Booking
Pierre is in great trouble today! He is responsible for managing the bookings for the ACM (Accommodation with Moderate Costs) hotel and has just realized that the booking software has a severe bug. It has created overlapping and wrong room assignments. Pierre is now worried that the hotel might be overbooked. Since the software manufacturer is neither very responsive nor competent, he must check this himself, so that he can timely take countermeasures if necessary.

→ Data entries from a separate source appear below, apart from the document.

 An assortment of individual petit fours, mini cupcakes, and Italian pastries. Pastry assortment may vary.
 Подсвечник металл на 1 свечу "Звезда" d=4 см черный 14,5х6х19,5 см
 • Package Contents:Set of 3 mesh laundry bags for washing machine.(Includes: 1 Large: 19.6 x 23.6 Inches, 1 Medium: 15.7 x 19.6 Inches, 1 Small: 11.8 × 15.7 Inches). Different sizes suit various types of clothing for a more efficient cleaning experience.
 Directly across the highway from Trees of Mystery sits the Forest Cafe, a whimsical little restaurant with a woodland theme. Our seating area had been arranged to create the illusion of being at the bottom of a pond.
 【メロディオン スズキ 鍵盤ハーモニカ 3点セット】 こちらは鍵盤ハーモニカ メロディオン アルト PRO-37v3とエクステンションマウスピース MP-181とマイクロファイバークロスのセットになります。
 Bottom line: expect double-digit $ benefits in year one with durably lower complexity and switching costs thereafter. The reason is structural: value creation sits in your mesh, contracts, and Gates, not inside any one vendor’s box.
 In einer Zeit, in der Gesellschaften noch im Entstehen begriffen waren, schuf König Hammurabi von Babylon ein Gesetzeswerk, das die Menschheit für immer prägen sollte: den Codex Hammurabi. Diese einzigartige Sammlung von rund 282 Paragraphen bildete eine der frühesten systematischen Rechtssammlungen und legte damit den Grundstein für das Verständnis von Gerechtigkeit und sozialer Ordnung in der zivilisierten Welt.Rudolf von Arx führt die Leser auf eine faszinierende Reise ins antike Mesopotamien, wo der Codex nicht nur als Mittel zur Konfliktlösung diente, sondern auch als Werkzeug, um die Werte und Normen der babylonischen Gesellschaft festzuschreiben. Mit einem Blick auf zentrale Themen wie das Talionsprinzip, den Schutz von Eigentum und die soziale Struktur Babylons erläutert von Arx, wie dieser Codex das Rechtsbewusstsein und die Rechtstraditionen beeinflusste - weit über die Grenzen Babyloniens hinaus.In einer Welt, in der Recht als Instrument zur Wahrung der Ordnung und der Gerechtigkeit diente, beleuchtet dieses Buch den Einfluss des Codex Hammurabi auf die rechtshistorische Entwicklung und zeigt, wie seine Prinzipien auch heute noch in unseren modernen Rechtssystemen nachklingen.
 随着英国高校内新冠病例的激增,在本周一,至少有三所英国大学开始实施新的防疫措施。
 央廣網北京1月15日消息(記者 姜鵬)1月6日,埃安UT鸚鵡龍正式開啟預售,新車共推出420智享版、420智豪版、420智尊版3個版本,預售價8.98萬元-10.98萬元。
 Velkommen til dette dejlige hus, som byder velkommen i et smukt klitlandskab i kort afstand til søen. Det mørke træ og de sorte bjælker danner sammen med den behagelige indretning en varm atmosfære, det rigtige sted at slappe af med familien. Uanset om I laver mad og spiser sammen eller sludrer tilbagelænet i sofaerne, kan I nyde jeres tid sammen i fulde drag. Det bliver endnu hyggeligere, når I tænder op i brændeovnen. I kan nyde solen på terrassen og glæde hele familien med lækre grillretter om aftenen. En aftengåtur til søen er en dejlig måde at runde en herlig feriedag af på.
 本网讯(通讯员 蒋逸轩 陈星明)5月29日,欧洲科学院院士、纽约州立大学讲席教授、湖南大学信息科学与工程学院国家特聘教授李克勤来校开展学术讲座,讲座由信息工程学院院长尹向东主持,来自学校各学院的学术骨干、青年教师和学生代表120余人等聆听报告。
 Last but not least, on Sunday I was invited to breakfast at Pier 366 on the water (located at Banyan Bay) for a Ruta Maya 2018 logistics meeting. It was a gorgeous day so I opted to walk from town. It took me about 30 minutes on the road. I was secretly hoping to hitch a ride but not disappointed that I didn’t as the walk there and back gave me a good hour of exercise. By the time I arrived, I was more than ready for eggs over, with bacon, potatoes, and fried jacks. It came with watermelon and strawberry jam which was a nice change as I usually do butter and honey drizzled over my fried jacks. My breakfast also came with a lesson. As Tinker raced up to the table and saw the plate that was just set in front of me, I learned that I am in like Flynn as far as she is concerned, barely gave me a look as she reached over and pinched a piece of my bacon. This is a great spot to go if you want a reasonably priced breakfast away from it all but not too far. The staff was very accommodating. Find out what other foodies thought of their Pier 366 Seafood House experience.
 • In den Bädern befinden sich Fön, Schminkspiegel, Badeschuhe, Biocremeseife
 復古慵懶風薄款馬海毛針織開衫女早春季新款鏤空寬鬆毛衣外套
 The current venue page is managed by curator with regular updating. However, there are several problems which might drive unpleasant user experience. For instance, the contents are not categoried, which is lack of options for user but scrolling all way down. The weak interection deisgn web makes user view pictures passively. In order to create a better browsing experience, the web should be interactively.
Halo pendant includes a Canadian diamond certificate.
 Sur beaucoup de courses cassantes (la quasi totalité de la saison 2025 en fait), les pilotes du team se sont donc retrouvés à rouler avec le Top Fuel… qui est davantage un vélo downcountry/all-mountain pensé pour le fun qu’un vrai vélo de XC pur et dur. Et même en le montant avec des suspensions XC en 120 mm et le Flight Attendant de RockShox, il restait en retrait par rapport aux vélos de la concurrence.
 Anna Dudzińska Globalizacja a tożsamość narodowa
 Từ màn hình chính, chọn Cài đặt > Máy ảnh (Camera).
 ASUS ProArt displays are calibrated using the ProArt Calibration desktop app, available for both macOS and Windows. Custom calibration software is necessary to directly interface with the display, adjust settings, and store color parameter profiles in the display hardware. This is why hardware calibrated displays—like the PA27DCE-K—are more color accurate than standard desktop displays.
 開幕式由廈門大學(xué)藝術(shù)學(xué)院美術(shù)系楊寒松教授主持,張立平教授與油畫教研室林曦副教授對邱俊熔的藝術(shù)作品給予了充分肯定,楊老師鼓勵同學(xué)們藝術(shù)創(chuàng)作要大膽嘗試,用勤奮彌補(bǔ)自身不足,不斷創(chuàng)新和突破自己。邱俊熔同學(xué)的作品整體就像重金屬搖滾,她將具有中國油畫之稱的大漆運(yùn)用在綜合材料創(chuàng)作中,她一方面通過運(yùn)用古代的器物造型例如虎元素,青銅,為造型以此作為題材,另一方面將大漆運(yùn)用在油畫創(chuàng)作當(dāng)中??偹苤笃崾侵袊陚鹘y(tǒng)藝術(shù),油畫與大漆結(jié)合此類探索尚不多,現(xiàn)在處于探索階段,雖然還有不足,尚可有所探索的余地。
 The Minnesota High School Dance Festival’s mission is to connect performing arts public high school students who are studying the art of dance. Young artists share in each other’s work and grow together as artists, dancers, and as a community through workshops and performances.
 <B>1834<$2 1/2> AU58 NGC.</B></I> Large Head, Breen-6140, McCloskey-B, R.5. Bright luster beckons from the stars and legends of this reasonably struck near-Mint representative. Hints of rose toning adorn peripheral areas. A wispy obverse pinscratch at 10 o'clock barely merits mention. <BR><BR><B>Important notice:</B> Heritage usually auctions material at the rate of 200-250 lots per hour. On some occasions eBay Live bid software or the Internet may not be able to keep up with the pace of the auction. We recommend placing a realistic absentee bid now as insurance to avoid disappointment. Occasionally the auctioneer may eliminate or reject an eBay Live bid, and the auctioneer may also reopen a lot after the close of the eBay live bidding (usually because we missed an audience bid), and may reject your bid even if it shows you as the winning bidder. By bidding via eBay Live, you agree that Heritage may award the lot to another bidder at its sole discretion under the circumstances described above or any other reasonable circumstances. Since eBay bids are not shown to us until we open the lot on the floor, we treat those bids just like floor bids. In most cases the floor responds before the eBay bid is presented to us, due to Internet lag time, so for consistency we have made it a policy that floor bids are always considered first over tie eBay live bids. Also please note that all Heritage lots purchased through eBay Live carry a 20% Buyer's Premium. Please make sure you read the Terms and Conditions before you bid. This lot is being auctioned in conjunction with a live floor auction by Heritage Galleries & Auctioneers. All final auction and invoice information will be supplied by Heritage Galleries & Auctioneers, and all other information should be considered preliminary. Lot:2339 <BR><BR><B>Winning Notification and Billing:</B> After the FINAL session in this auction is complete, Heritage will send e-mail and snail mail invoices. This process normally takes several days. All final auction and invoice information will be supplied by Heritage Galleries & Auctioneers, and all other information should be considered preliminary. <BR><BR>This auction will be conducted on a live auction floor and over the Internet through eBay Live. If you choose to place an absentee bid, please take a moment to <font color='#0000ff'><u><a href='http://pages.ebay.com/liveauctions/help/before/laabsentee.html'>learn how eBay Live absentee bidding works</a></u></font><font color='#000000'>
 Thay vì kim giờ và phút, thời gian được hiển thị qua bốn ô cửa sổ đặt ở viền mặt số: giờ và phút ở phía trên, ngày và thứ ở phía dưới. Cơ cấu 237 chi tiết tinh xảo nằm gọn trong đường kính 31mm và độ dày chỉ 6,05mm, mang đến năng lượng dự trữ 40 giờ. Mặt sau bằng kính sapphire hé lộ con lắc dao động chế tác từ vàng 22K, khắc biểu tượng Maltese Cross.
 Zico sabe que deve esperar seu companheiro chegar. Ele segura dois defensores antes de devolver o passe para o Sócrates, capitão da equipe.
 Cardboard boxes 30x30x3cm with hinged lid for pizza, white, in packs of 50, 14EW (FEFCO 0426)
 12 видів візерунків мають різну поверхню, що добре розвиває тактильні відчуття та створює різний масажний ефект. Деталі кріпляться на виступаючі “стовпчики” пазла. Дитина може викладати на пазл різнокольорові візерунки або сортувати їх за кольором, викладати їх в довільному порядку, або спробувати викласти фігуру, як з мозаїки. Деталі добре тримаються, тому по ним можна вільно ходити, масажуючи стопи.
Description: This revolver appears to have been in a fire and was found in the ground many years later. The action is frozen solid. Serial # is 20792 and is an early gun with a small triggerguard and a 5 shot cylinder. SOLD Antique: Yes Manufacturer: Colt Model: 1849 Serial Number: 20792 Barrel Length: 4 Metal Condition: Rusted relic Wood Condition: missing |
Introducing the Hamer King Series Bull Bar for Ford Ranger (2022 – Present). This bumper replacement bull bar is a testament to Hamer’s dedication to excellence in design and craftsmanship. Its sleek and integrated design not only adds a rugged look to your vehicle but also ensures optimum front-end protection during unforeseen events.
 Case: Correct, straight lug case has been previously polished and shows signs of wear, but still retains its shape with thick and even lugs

Fortunately, Pierre was able to export all original bookings (including reservation codes plus correct and valid dates of arrival and departure). The only information that got lost is the time of the booking placements, so that Pierre cannot retrieve any booking priorities (e.g., first-come-first-serve). Using the available information, could you please help Pierre out and tell him a room assignment with the minimum number of rooms that satisfies all bookings? Please be aware that a room must always be cleaned before reuse. Since Pierre does not want to take any risks, he tells you to only consider the maximum cleaning time.
Input
Consists of several lines. The first line contains the number t (1 ≤ t ≤ 100) of test cases. Each test case starts with a line containing two integers: the number of bookings b (1 ≤ b ≤ 5000) and the cleaning time c (0 ≤ c ≤ 360) (in minutes) for one room. Then follow b lines, each containing the reservation code (a random alphanumeric string of up 20 characters) and the dates of arrival and departure of one booking. Dates are given as strings in the format "YYYY-MM-DD HH:MM" (see example test case), where reservations are only for the years 2013 until 2016.
Output
For each test case, print the minimum number of needed rooms on a single line without any additional blanks. Be aware of leap years but ignore daylight saving time.